Officers of Somalia’s National Intelligence and Security Agency (NISA) arrested Al Jazeera English correspondent Hamza Mohamed and the two cameramen in the capital Mogadishu yesterday.
The journalists for the Qatar-based television channel had been covering an assault by the Islamist militant group al-Shabaab on the town of Afgoye, about 30 kilometres southwest of Mogadishu. Two of their drivers were released after questioning.
In separate news, authorities released Abdi Aden Guled, editor-in-chief of the newspaper Xog Ogaal, without charge from Mogadishu’s Godka Jilacow prison at 8:30 p.m. local time yesterday.
Guled was detained on Saturday night when heavily-armed NISA officers raided Xog Ogaal’s Mogadishu offices, confiscating computers, cameras, printing equipment and archives. Authorities did not disclose the reason for the raid or for Guled’s arrest at the time and no warrants were shown, the paper’s chairman, Mohamed Mohamud Aden, said.
IPI Director of Advocacy and Communications Steven M. Ellis welcomed Guled’s release, but he called on Somali authorities to return Xog Ogaal’s seized equipment and to ensure that the newspaper is allowed to resume operations without further harassment or intimidation.

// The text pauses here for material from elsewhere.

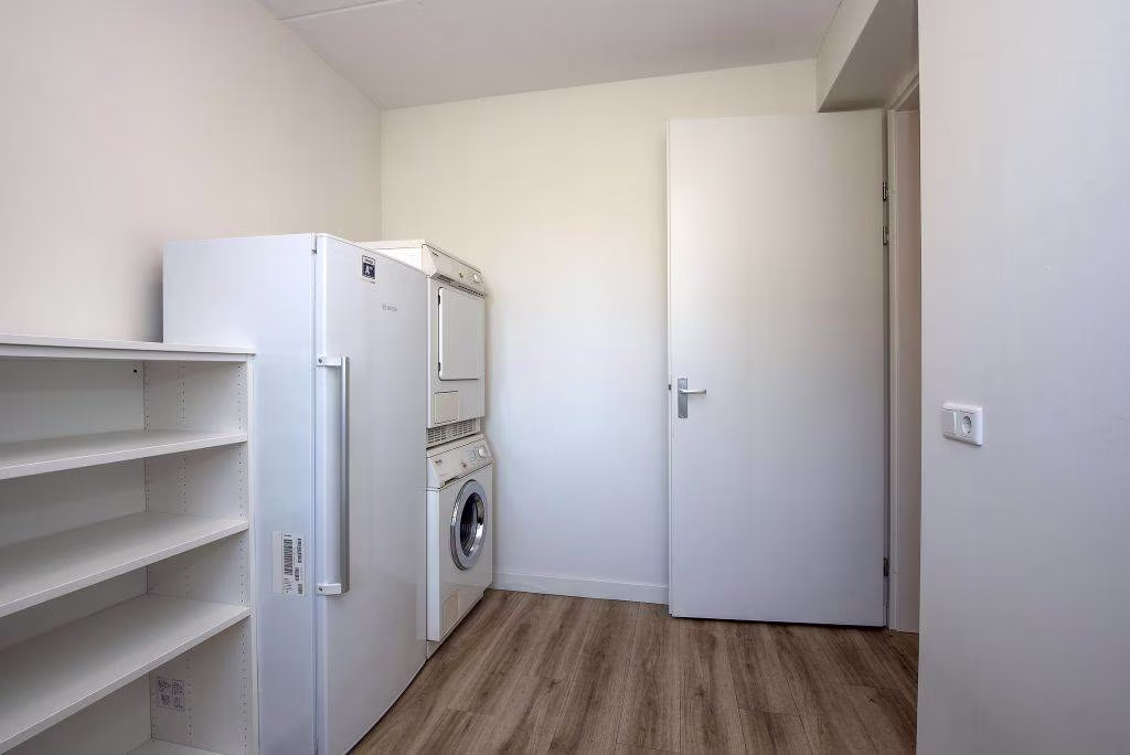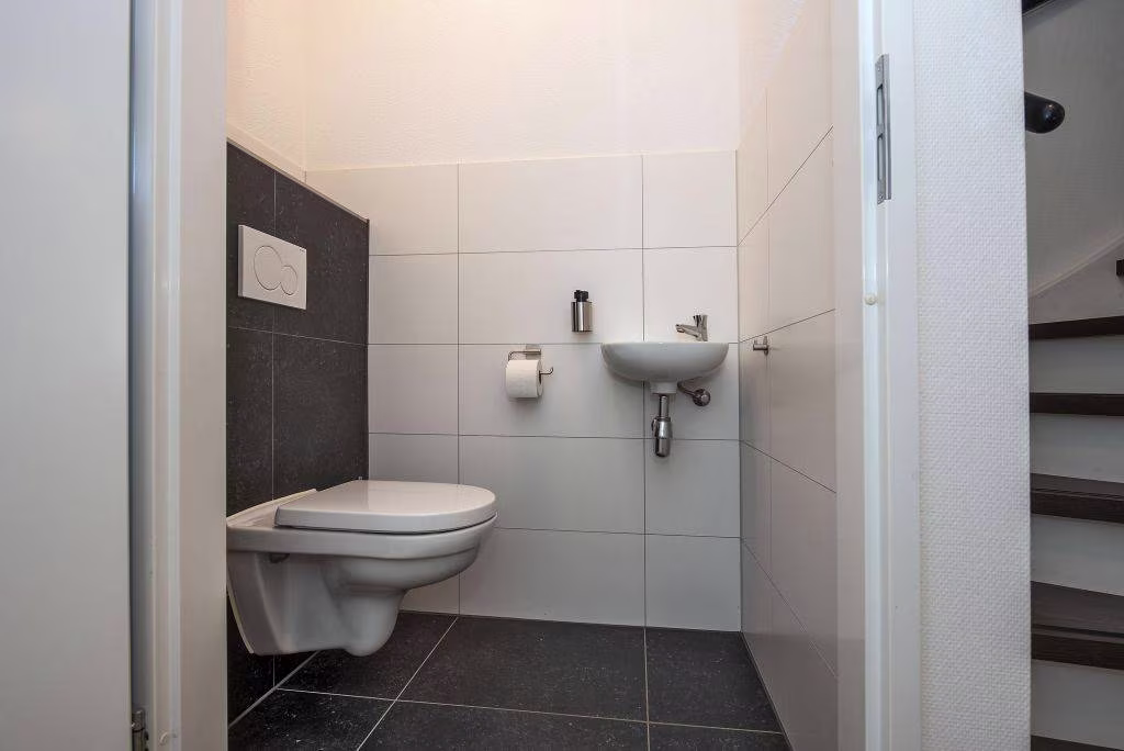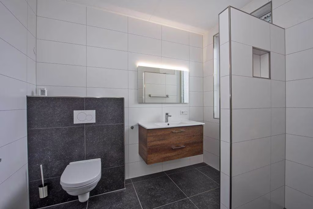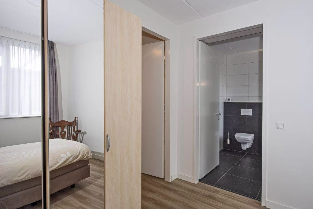 Via de hal bereik je de slaapkamer op de begane grond, met direct aansluitend de badkamer. De badkamer is voorzien van een inloopdouche, wastafel met meubel en toilet. Alles gelijkvloers en binnen handbereik, wat zorgt voor comfortabel en toekomstgericht wonen. Vanuit de hal is daarnaast een tweede bijkeuken bereikbaar, voorzien van een witgoedaansluiting en een deur naar de oprit.

He also called on authorities to immediately release Mohamed and his colleagues.
“Journalists working in Somalia should not be summarily detained in an effort to censor or silence independent reporting,” Ellis said. “We urge the Somali government to ensure that this does not happen and to uphold freedom of the press as enshrined in the Provisional Constitution of the Federal Republic of Somalia.”
The raid on Xog Ogaal, Somalia’s longest-running daily newspaper, and the arrest of Mohamed and his colleagues comes less than two months before twice-delayed presidential elections, set to be held on Nov. 30. Media representatives have expressed concern that the intimidation of journalists will increase in the run-up to the elections.
Somalia remains one of the most dangerous countries in the world for journalists to carry out their profession, with the media finding itself caught up in Somalia’s ongoing civil war and targeted by both the government and Islamist extremist groups.
According to IPI’s Death Watch, at least 56 journalists have been killed in relation to their work in the country in the past 10 years, and others are routinely threatened, intimidated, arrested and detained.